EXERCISE DETAILS: Transcribe every line of the material below exactly, leaving out the pictures.
»»
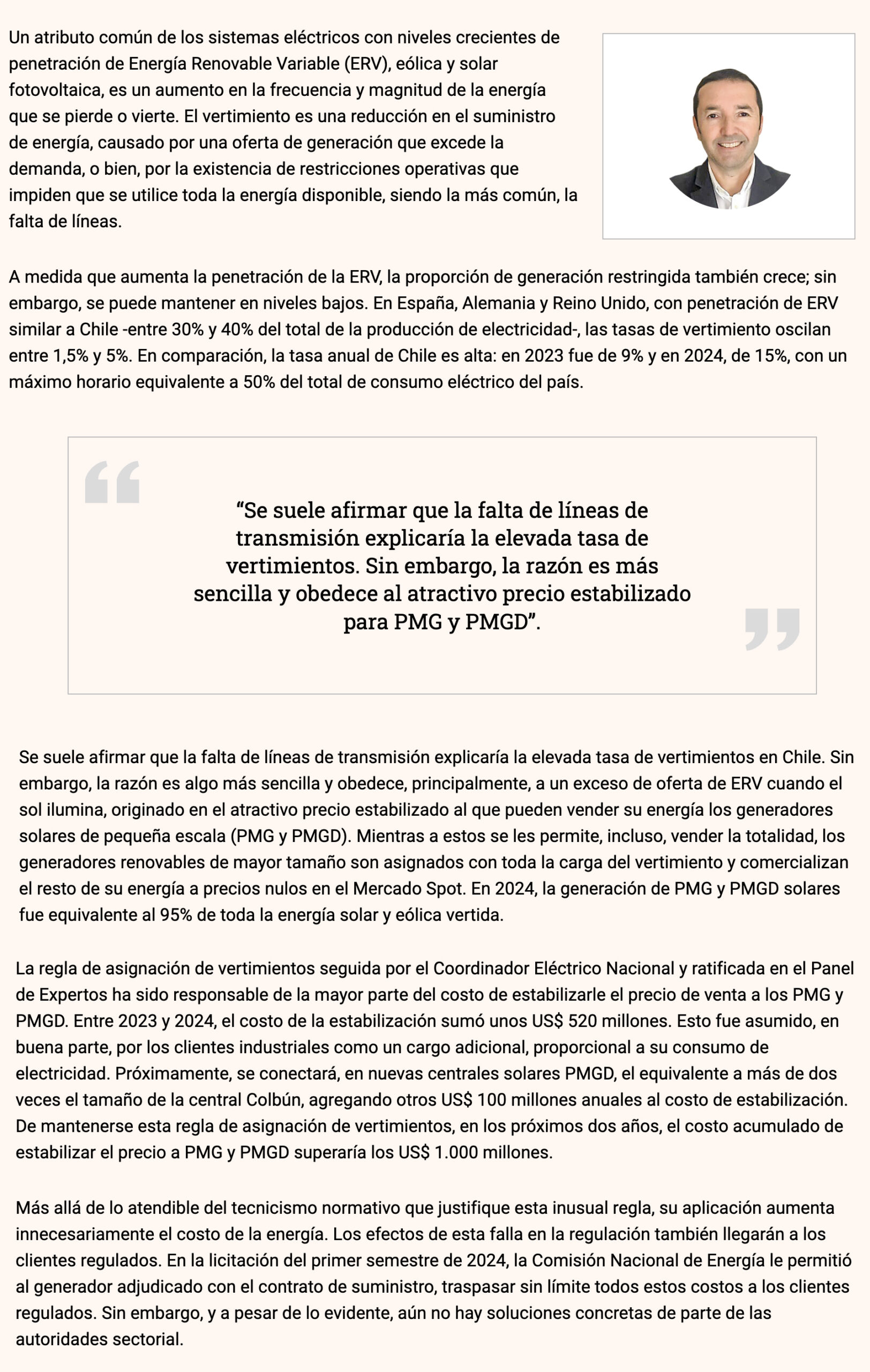 DIARIO FINANCIERO – Se suele afirmar que la falta de líneas de transmisión explicaría la elevada tasa de vertimientos. Sin embargo, la razón es más sencilla y obedece al atractivo precio estabilizado para PMG y PMGD
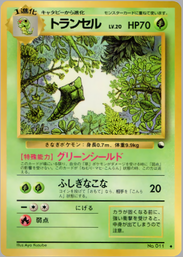 このカードが場にいる限り、自分の「草」ポケモンがダメージを受ける時に「弱点」の影響を受けない。このカードが「ねむり・マヒ・こんらん」状態の時、この力は消える。
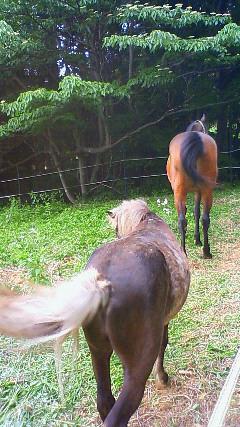 最近ちょっと脚の調子の悪い馬がいてみんなより一足先に、緑の放牧地初デビュー。
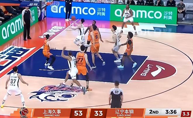 当时比赛第二节比赛打到3分半左右,赵继伟利用张陈治锋的掩护突破上篮却没有打进,双方随后拼抢篮板球出界,裁判吹罚了上海男篮球权。
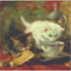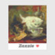 Sticker featuring Henriëtte Ronner-Knip’s oil painting High Tea (1821-1909). A fluffy white kitten drinks from a teacup and a tabby nibbles a pastry on a tea tray. A perfect gift for cat lovers and Romanticism enthusiasts.
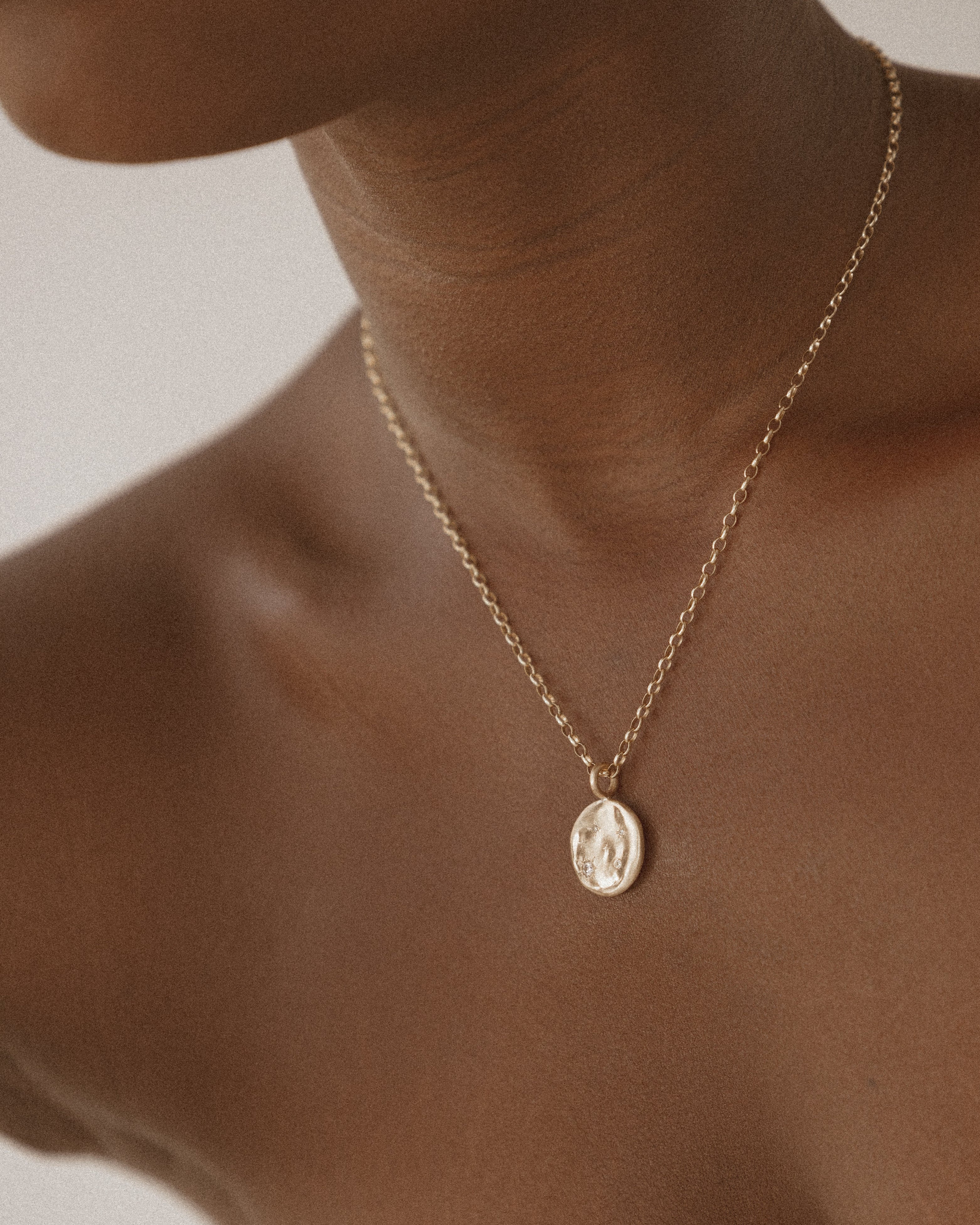 The Cosmos starry night necklace is a statement molten gold disc reminiscent of a golden night sky, featuring four scintillating Diamonds or Moissanites surrounded by hand-engraved 4-point stars.
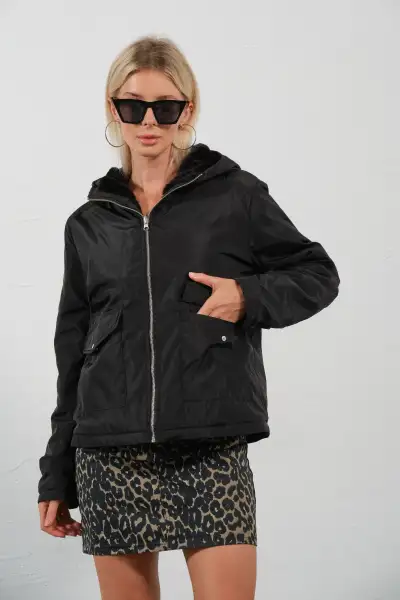 کاپشن زنانه کلاه دار ترک یکی از بهترین انتخابها برای فصلهای سرد سال است. این کاپشن دو طرفه بوده و از دو نوع پارچه مختلف استفاده کرده است. یک سمت آن از میکرو و سمت دیگر آن از شِرپا با پوشش مصنوعی تشکیل شده است.
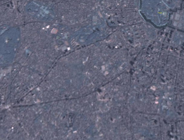 使う衛星を変えてみました。上の写真より色は悪いですが、解像度は少々良いです。このように衛星写真の解像度次第で、将来的には可能性はありと思われます。
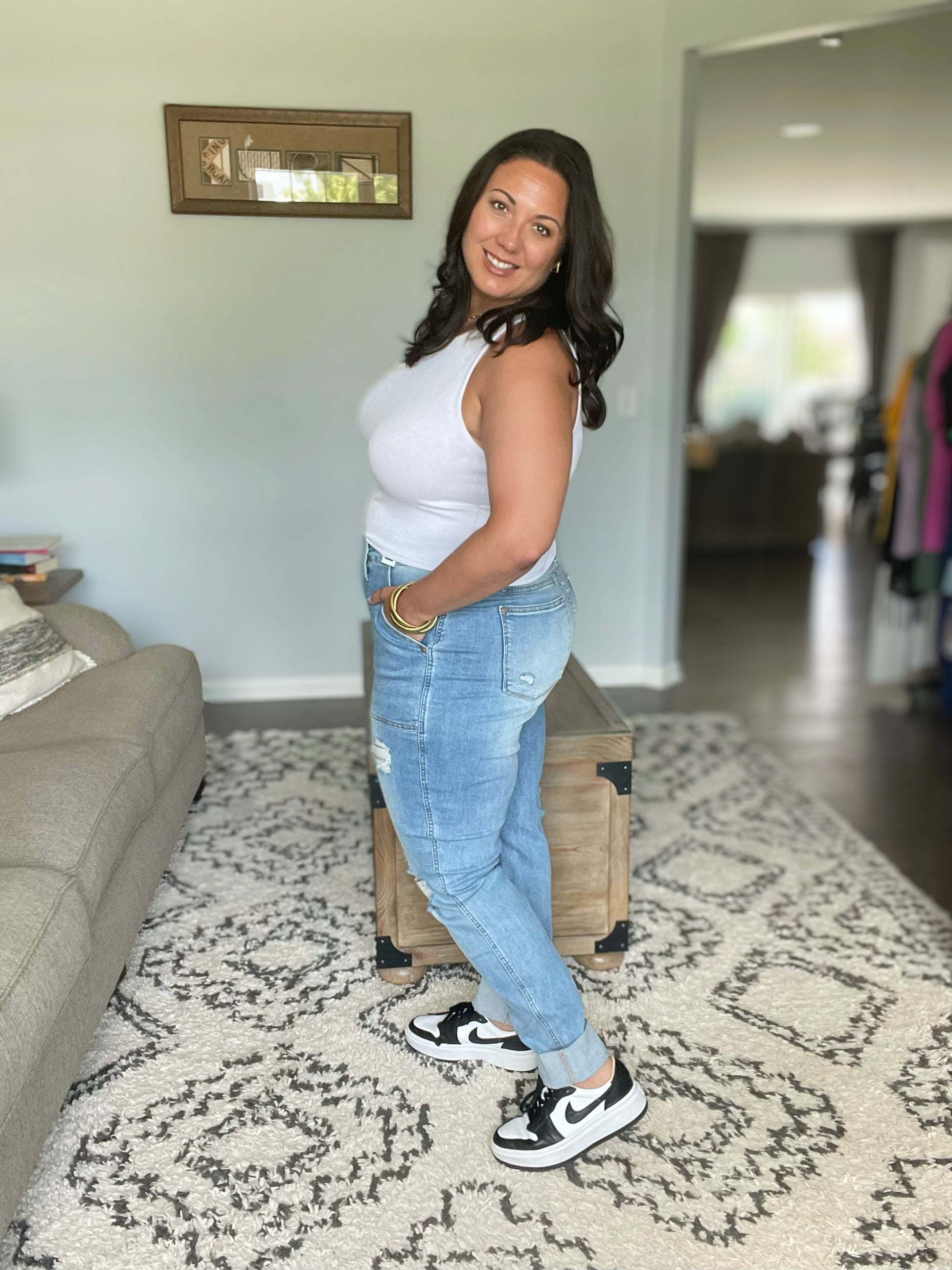 Up your denim game with our Aiden High Rise Patch Pocket Distressed Boyfriend Jeans from Judy Blue! Featuring a unique hybrid design that combines the comfort of joggers with the style of boyfriend jeans. The light wash and distressed details add a trendy touch, while the 4-way stretch ensures a perfect fit. Add an optional cuffed hem for a touch of personality. Experience the best of both worlds with these jeans.
««
EXPECTED ANSWER:
 DIARIO FINANCIERO – Se suele afirmar que la falta de líneas de transmisión explicaría la elevada tasa de vertimientos. Sin embargo, la razón es más sencilla y obedece al atractivo precio estabilizado para PMG y PMGD
 このカードが場にいる限り、自分の「草」ポケモンがダメージを受ける時に「弱点」の影響を受けない。このカードが「ねむり・マヒ・こんらん」状態の時、この力は消える。
 最近ちょっと脚の調子の悪い馬がいてみんなより一足先に、緑の放牧地初デビュー。
 当时比赛第二节比赛打到3分半左右,赵继伟利用张陈治锋的掩护突破上篮却没有打进,双方随后拼抢篮板球出界,裁判吹罚了上海男篮球权。
 Sticker featuring Henriëtte Ronner-Knip’s oil painting High Tea (1821-1909). A fluffy white kitten drinks from a teacup and a tabby nibbles a pastry on a tea tray. A perfect gift for cat lovers and Romanticism enthusiasts.
 The Cosmos starry night necklace is a statement molten gold disc reminiscent of a golden night sky, featuring four scintillating Diamonds or Moissanites surrounded by hand-engraved 4-point stars.
 کاپشن زنانه کلاه دار ترک یکی از بهترین انتخابها برای فصلهای سرد سال است. این کاپشن دو طرفه بوده و از دو نوع پارچه مختلف استفاده کرده است. یک سمت آن از میکرو و سمت دیگر آن از شِرپا با پوشش مصنوعی تشکیل شده است.
 使う衛星を変えてみました。上の写真より色は悪いですが、解像度は少々良いです。このように衛星写真の解像度次第で、将来的には可能性はありと思われます。
 Up your denim game with our Aiden High Rise Patch Pocket Distressed Boyfriend Jeans from Judy Blue! Featuring a unique hybrid design that combines the comfort of joggers with the style of boyfriend jeans. The light wash and distressed details add a trendy touch, while the 4-way stretch ensures a perfect fit. Add an optional cuffed hem for a touch of personality. Experience the best of both worlds with these jeans.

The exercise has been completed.